• [AVAILABLE DATA]

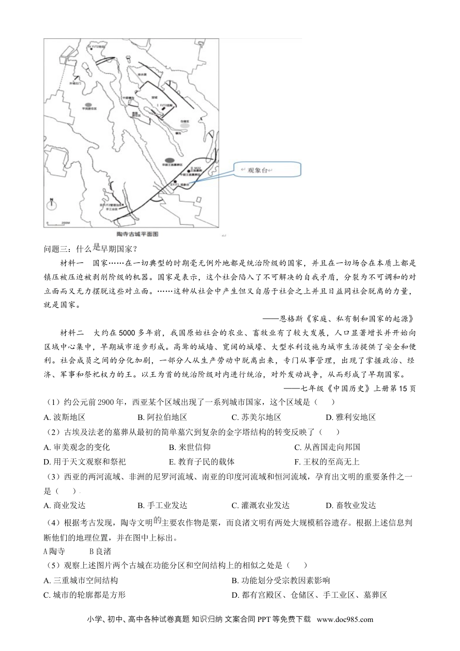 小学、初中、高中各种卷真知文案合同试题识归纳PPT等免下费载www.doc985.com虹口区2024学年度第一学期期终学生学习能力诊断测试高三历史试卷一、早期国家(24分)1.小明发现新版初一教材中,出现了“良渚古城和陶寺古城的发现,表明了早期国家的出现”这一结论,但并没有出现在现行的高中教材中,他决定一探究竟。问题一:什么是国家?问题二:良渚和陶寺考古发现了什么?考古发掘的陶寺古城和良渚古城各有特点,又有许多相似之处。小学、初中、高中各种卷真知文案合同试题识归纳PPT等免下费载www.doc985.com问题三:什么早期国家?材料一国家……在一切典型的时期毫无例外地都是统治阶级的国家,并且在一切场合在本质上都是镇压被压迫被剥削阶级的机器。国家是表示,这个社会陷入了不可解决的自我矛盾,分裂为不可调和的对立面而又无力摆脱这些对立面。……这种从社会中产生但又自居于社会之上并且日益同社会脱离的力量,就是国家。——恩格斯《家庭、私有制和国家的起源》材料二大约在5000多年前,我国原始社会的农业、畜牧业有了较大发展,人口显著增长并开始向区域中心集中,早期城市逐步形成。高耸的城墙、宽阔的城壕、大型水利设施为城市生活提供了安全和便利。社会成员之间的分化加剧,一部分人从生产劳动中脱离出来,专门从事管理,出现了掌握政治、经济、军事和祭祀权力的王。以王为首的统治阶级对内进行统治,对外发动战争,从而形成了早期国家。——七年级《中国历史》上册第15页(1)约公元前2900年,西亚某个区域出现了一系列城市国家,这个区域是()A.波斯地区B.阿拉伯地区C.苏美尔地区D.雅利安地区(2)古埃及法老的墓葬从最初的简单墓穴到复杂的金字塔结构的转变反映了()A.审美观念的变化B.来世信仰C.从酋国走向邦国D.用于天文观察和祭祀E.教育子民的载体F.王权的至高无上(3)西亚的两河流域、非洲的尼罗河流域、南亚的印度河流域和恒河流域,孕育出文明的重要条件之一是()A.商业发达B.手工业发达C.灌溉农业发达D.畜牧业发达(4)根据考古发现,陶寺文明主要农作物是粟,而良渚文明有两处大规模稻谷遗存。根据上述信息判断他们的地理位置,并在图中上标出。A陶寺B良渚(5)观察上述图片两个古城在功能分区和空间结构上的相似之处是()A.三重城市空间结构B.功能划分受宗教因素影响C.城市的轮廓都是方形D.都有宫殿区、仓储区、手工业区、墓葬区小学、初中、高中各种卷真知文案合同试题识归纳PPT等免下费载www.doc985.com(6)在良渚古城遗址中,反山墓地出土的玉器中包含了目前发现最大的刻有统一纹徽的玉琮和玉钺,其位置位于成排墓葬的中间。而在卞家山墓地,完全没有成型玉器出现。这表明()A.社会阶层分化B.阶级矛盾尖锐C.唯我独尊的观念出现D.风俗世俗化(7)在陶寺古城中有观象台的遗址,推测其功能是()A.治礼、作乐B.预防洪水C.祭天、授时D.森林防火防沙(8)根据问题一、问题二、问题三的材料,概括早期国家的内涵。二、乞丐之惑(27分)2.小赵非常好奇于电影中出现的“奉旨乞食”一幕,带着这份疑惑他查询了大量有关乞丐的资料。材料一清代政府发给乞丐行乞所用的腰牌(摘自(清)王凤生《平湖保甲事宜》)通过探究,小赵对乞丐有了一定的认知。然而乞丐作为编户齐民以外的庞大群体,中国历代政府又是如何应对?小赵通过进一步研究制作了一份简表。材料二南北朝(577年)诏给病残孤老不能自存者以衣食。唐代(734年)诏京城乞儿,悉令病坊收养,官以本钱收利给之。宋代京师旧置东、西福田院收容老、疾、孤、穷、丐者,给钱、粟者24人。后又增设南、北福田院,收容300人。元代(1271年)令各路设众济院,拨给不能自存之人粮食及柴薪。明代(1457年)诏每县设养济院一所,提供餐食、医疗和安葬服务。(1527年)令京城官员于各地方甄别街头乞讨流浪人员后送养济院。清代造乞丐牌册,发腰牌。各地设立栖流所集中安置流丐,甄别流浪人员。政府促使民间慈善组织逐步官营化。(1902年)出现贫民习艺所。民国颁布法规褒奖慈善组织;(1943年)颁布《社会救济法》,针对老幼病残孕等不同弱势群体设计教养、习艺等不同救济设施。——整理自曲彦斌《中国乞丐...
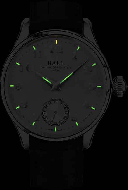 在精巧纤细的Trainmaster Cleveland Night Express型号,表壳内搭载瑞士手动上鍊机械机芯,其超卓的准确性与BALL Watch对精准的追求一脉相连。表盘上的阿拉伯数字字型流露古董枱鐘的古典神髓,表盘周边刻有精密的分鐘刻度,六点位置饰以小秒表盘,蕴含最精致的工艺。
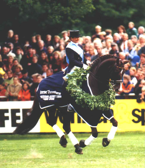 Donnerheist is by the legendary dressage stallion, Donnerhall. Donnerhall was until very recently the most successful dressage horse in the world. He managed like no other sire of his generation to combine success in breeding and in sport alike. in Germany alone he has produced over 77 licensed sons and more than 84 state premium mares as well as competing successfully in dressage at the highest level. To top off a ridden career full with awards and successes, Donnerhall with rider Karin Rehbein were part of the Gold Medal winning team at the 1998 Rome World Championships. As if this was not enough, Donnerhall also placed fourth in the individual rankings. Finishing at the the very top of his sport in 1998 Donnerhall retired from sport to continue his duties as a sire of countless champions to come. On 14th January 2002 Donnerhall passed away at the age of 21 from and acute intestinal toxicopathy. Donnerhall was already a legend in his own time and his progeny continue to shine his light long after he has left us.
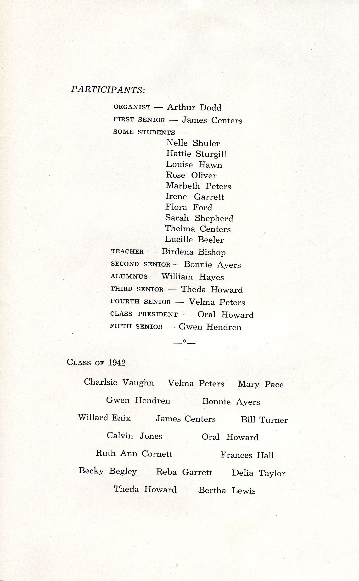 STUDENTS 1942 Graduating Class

--

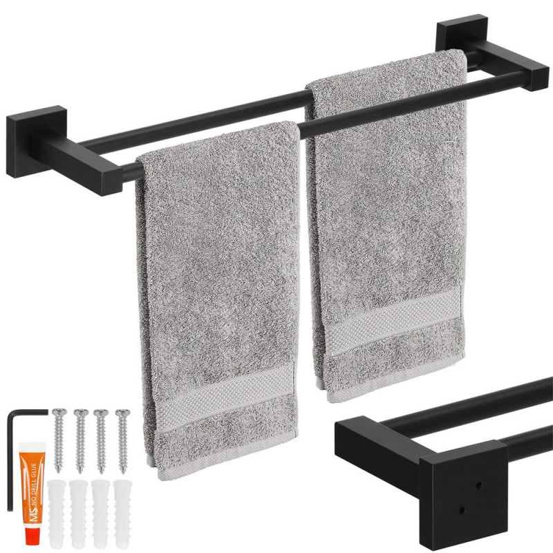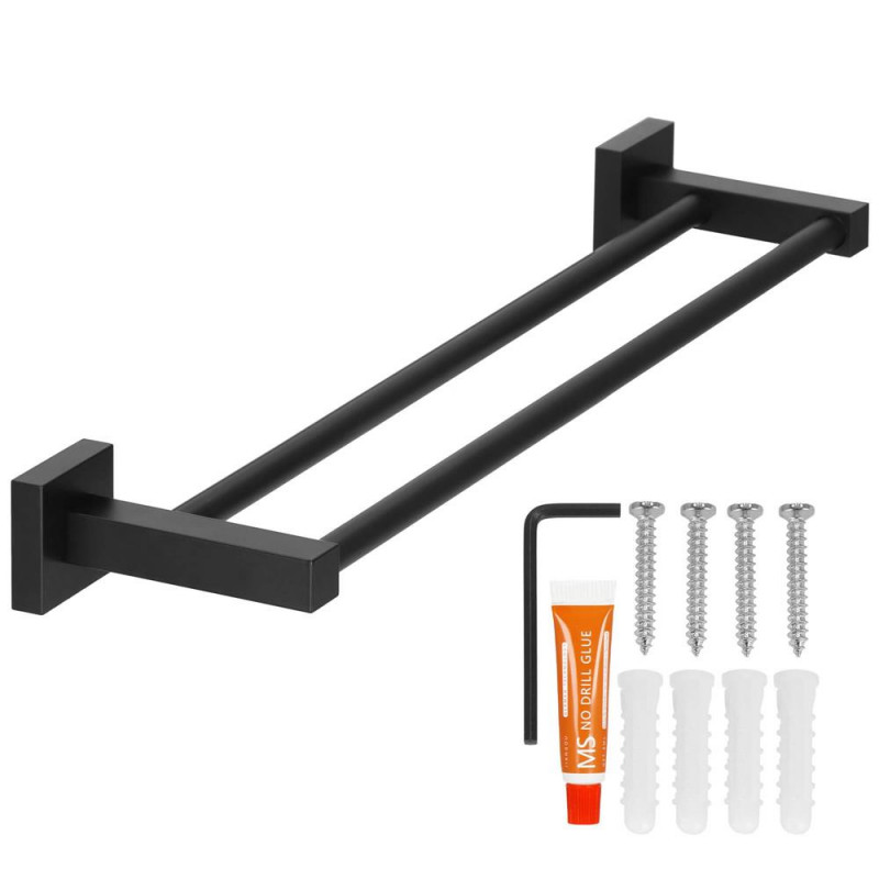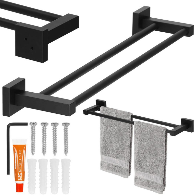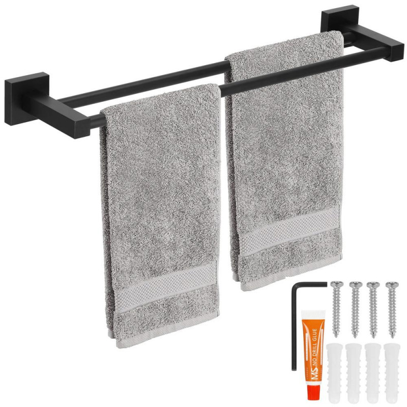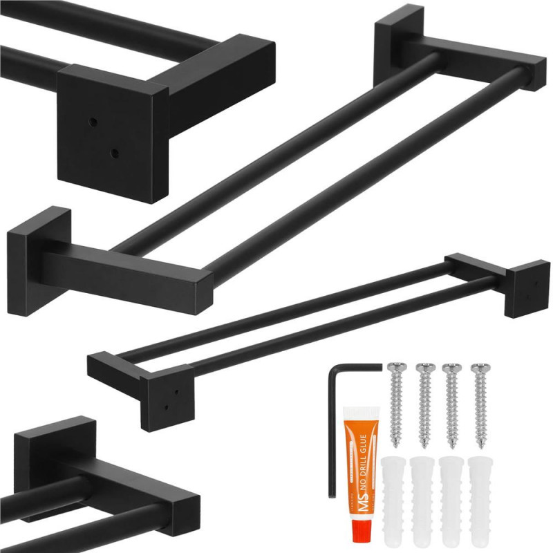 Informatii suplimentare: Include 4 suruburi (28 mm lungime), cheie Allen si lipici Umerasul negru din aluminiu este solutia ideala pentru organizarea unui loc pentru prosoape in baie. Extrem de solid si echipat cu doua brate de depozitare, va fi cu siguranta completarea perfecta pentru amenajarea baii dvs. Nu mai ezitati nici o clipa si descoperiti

==

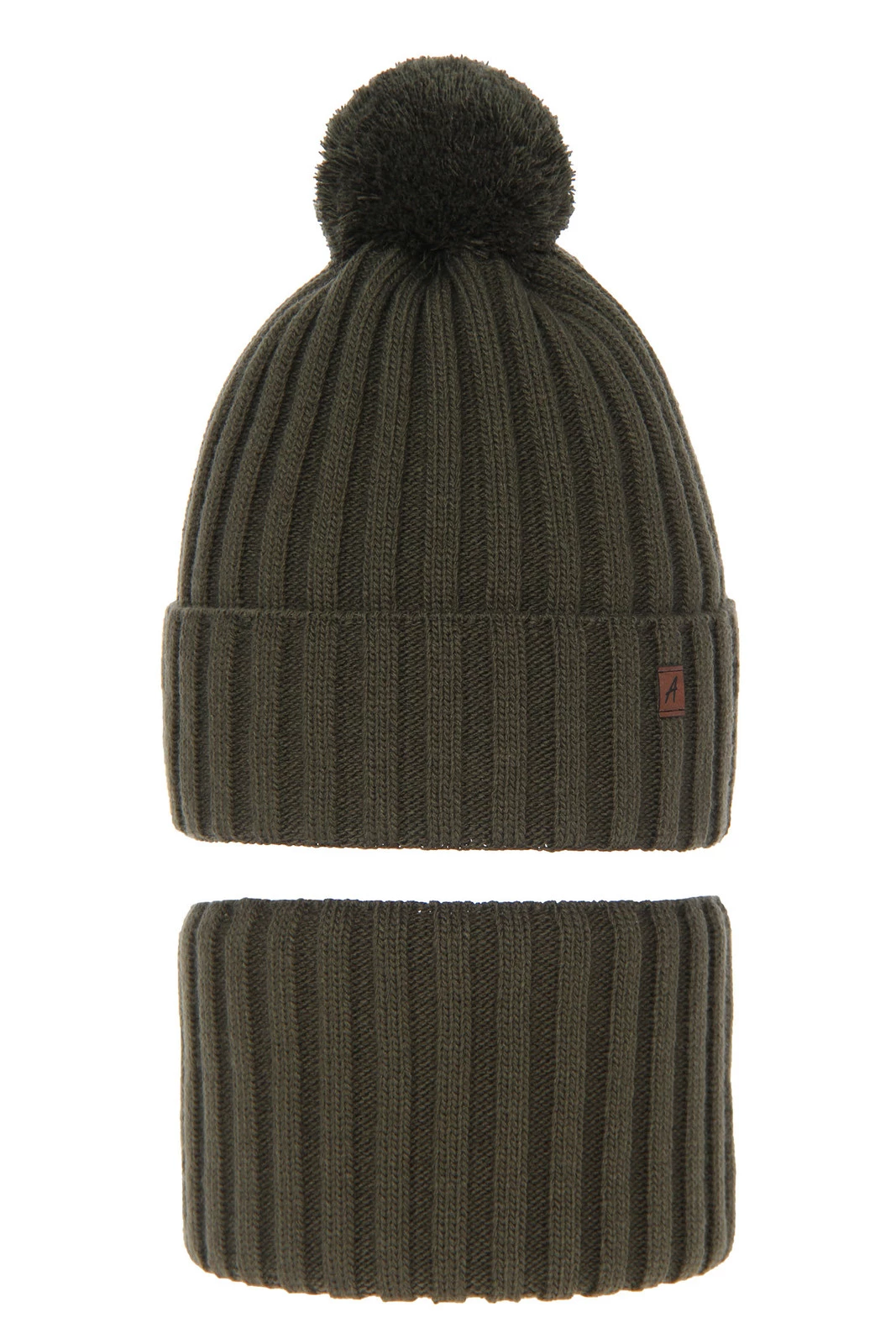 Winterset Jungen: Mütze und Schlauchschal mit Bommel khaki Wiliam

• [EXERCISE DIRECTIONS] Above are some entries. Restate word for word the lines from the one holding "Donnerheist is by" through the one holding "STUDENTS 1942 Graduating Class", but not the pictures.

• [SOLUTION FOR THIS EXERCISE]
 Donnerheist is by the legendary dressage stallion, Donnerhall. Donnerhall was until very recently the most successful dressage horse in the world. He managed like no other sire of his generation to combine success in breeding and in sport alike. in Germany alone he has produced over 77 licensed sons and more than 84 state premium mares as well as competing successfully in dressage at the highest level. To top off a ridden career full with awards and successes, Donnerhall with rider Karin Rehbein were part of the Gold Medal winning team at the 1998 Rome World Championships. As if this was not enough, Donnerhall also placed fourth in the individual rankings. Finishing at the the very top of his sport in 1998 Donnerhall retired from sport to continue his duties as a sire of countless champions to come. On 14th January 2002 Donnerhall passed away at the age of 21 from and acute intestinal toxicopathy. Donnerhall was already a legend in his own time and his progeny continue to shine his light long after he has left us.
 STUDENTS 1942 Graduating Class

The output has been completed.